----- Provided records -----

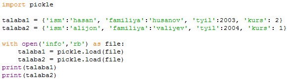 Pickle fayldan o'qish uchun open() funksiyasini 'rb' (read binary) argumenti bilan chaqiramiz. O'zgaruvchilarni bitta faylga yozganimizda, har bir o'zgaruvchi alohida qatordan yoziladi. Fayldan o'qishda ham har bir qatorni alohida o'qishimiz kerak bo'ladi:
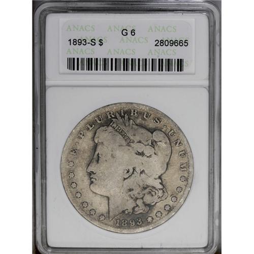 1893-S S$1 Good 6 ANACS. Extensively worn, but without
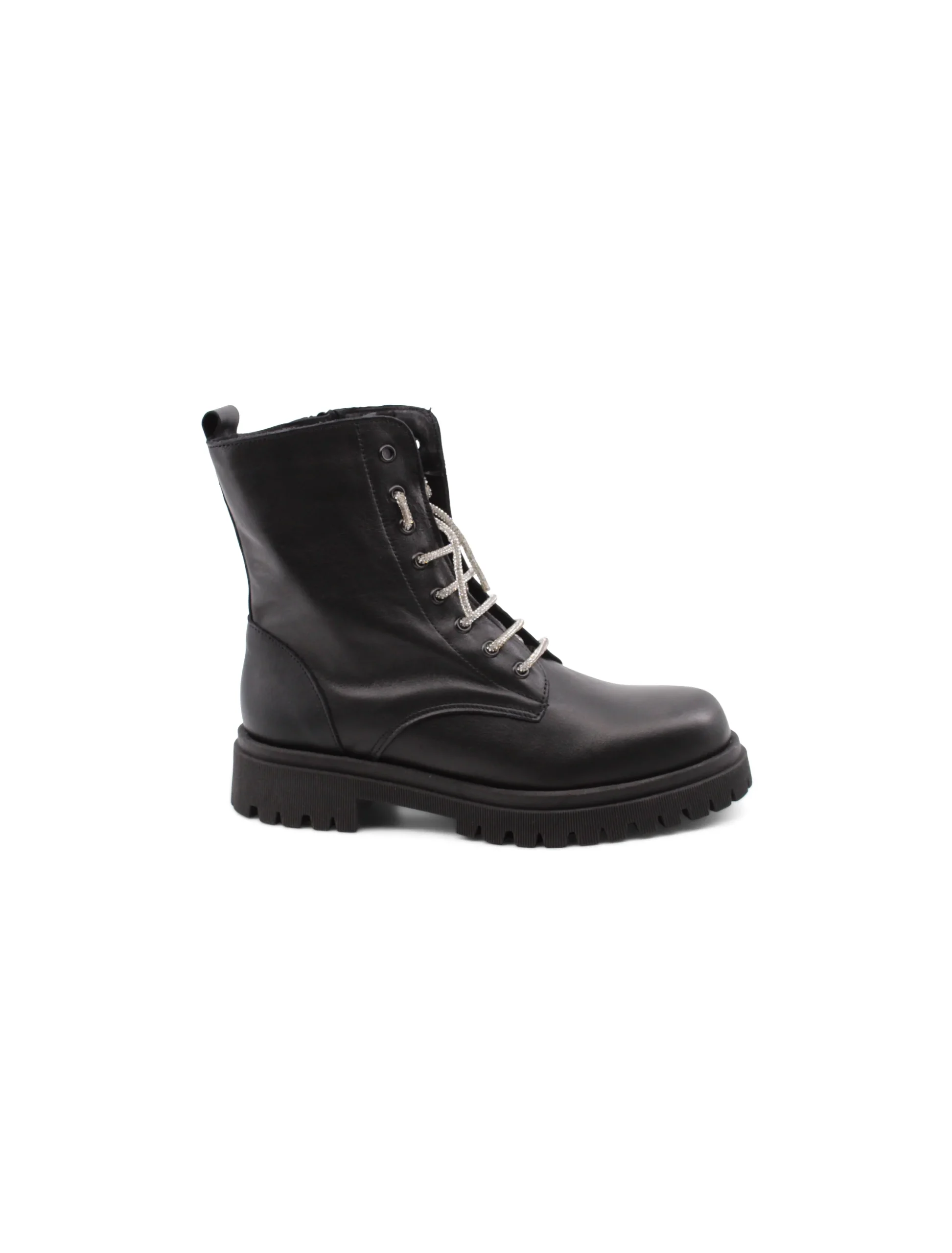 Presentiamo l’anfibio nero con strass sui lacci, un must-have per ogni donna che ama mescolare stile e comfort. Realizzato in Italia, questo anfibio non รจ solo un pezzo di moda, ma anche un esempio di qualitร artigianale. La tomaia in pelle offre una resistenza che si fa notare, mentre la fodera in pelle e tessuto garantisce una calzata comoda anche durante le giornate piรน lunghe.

-----
----- Provided records -----

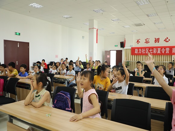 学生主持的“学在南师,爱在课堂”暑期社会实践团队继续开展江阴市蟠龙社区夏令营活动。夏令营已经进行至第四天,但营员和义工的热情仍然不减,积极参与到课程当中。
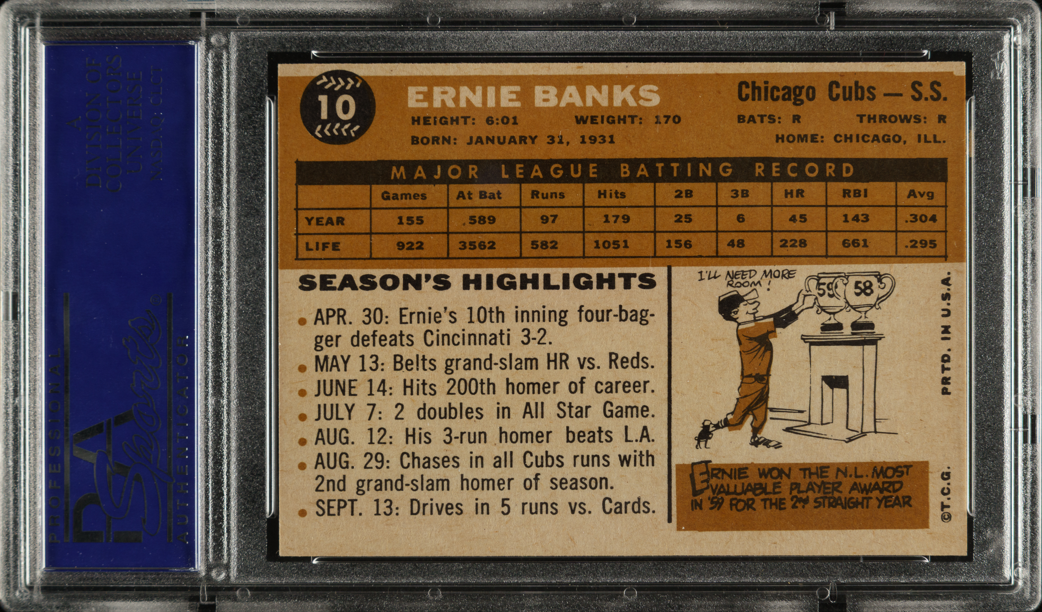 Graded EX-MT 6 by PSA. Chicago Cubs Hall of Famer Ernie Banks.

-----

Word for word, restate the lines above from the one with "1893-S S$1 Good" through the one with "Presentiamo l’anfibio nero", keeping both ends and dropping the pictures.

● **Problem solution**:
 1893-S S$1 Good 6 ANACS. Extensively worn, but without
 Presentiamo l’anfibio nero con strass sui lacci, un must-have per ogni donna che ama mescolare stile e comfort. Realizzato in Italia, questo anfibio non รจ solo un pezzo di moda, ma anche un esempio di qualitร artigianale. La tomaia in pelle offre una resistenza che si fa notare, mentre la fodera in pelle e tessuto garantisce una calzata comoda anche durante le giornate piรน lunghe.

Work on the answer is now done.